5) Dems minimize 2018 Senate losses and somehow retain 45-46 seats, with "traitors" like Manchin and McKaskell surviving again.
6) Someone other than Chuck Schumer, Corey Booker, or Andrew Cuomo win the 2020 primary. Bernie Sanders doesn't run and his personality cult fades.

At this point we're back to almost normal, notwithstanding whatever other damage to policy and democracy Republicans manage to inflict. This is the best case, unicornland, it's going to actually be way fucking worse, pollyanna scenario.

Other factors that need to happen -
- Europe rejects Le Pen and rightwing / Russian-back parties in Germany, France and Italy.
- The EU doesn't break up
- Russia doesn't decide to invade Europe anyway
posted by T.D. Strange at 7:46 PM on January 7, 2017 [34 favorites]

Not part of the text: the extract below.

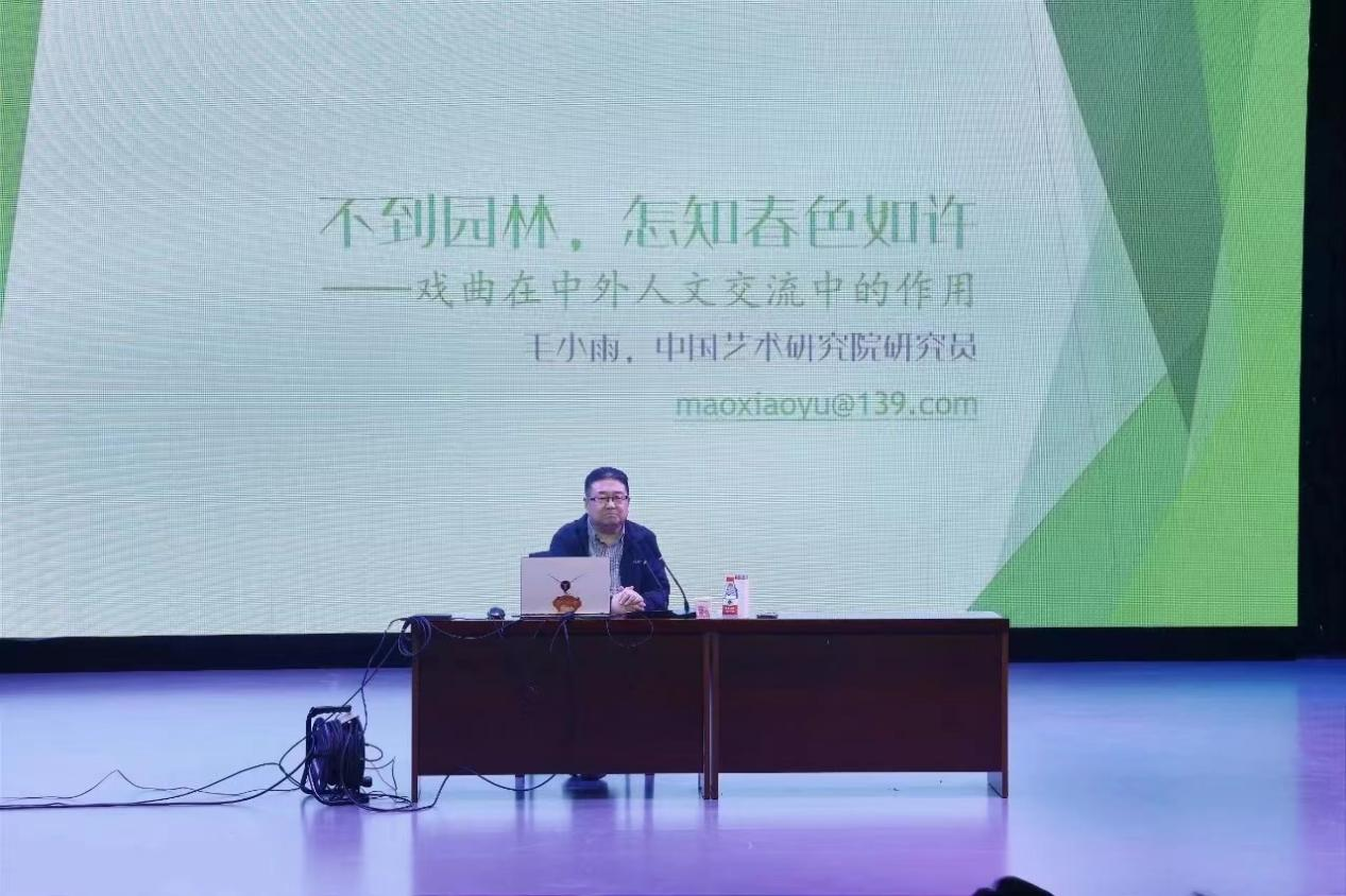 讲座伊始,毛小雨博士回顾了戏曲在中国传统文化中的重要地位,以及其在中外文化交流历史中所扮演的关键角色。他指出,戏曲以其独特的表演形式、丰富的文化内涵和深刻的情感表达,逐渐成为中国传统文化对外展示的一张重要名片。

What would have to happen for Trump to have the shortest presidency ever? I mean legally, obviously I don't mean violence or whatever, but are there any checks in place to remove bad presidents? I keep hearing "Oh he'll be impeached" but I'm having trouble understanding what that would look like, or if it's even likely?
posted by Hazelsmrf at 7:52 PM on January 7, 2017 [1 favorite]


...does anyone know if this is true or hyperbole?

This is revisionist. From Legacy of Ashes:
The morals of the Carter administration were not good for morale at CIA headquarters. Admiral Turner tried to hew to Carter's pledge about never lying to the American people. This was a dilemma for the chief of a secret intelligence service, whose operators depended on deceit to succeed. What little confidence Turner had in the clandestine service was constantly chiseled away by acts of subversion.

...

Turner was a Christian Scientist who drank hot water with lemon instead of coffee or tea. The old boys preferred whisky in their water. They scorned Turner in word and deed. Turner wrote years later that his enemies within the clandestine service tried to discredit him with disinformation campaigns—"one of their basic skills." Chief among these was a story that has persisted for a quarter century: that Turner was singlehandedly responsible for the gutting of the clandestine service in the 1970s. The first deep cuts had been ordered by Nixon. One thousand covert operators had been let go by James Schlesinger. George Bush, under Ford, had chosen to ignore a recommendation from his own covertaction chief that 2,000 more should depart. Turner wound up cutting precisely 825, starting with the bottom 5 percent on the performance charts. He had the president's support. "We were aware that some of the unqualified and incompetent personnel whom he discharged were deeply resentful, but I fully approved," Jimmy Carter said in a letter to the author.
posted by Coventry at 7:52 PM on January 7, 2017 [14 favorites]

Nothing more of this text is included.